I, I, I love that. Thank you for catching that question, that was a very good question. And I, I do also have, have some thoughts on this. I feel like it's never the students' intention to cheat, because students are spending time, they're paying tuition, they don't, they're not here to cheat. Cheating is like, there are a lot of other underlying reasons. Sometimes it's because there's also too much on their plates beyond just the academic area, uh, sometimes it's just, it's hard because they are not, they don't make the same connections in their head when it comes to some subject area or subject content, like it, it's not as apparent to them why we were doing this assignment.
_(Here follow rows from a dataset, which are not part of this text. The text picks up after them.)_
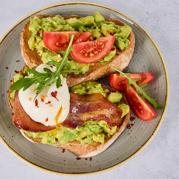 Smashed avocado, tomato, rasher of bacon, poached egg, rocket and chilli flakes on two slices of toasted sourdough. 499kcal
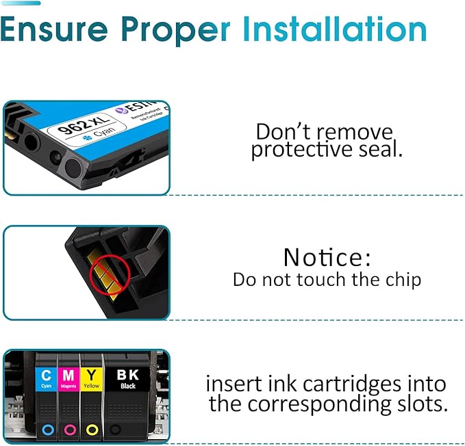 - Package Contents: Compatible for hp 962 962xl Ink Cartridge Combo Pack ( 1 Black,1 Cyan,1 Magenta,1 Yellow).
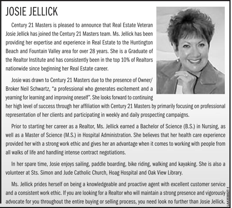 Century 21 Masters is pleased to announce that Real Estate Veteran JosieJellick hasjoinedthe Century21Mastersteam. Ms.Jellick hasbeen providing her expertise and experience in Real Estate to the Huntington Beach and Fountain Valley area for over 28 years. She is a Graduate of theRealtorInstitute andhas consistentlybeeninthe top10% of Realtors nationwide since beginning her Real Estate career.

Sometimes the value add is not as apparent, and I know it's already like a lot on teachers' plate to have already designed the assignment and everything, but um, sometimes maybe just allow more room for the students to make the connection for what it is in there for them when they learn without AI, clarifying that aspect was sometimes also like just like make co, make cheating less, less encouraging. And I, I want to um thank human again for time to date and everyone else in the audience who stayed for an extra 16 minutes. We, I saw someone in the chat asking for a part two of this webinar. You're asking for a what, a part two of this webinar?
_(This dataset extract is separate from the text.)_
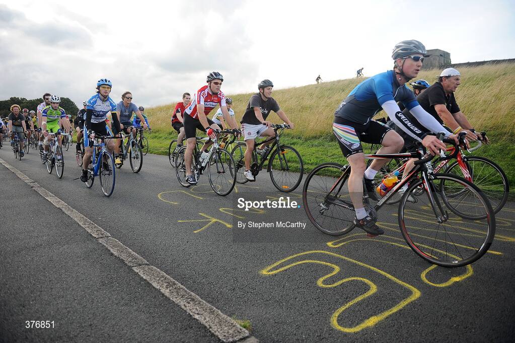 25 August 2009; Cyclists pass over a good will message as they pursue seven times winner of the Tour de France Lance Armstrong during a ride in the Phoenix Park, Dublin. Picture credit: Stephen McCarthy / SPORTSFILE

Part two? Oh, that's a nice request. Oh, thank you. Well, probably it should have been split up into two parts. This is pure gold. I, I also, because like we have a lot of people focusing on the asset base, but um, I really like the idea of like, what if you sign on the policy? I really like, like the idea of um making a wild card idea available, asking students to articulate what's working, what's not. There are a lot of really good, just like you can use it next time, kind of tricks that, that you mentioned, and, and I hope everyone else have something they really enjoy to take away at the end of this webinar. Um, once again, I'll have you, I hope you a really great day or evening wherever you are, and we look forward to seeing you at our next event. Thank you.
Thanks everybody. Thank you. Thanks Sophie and Johnny.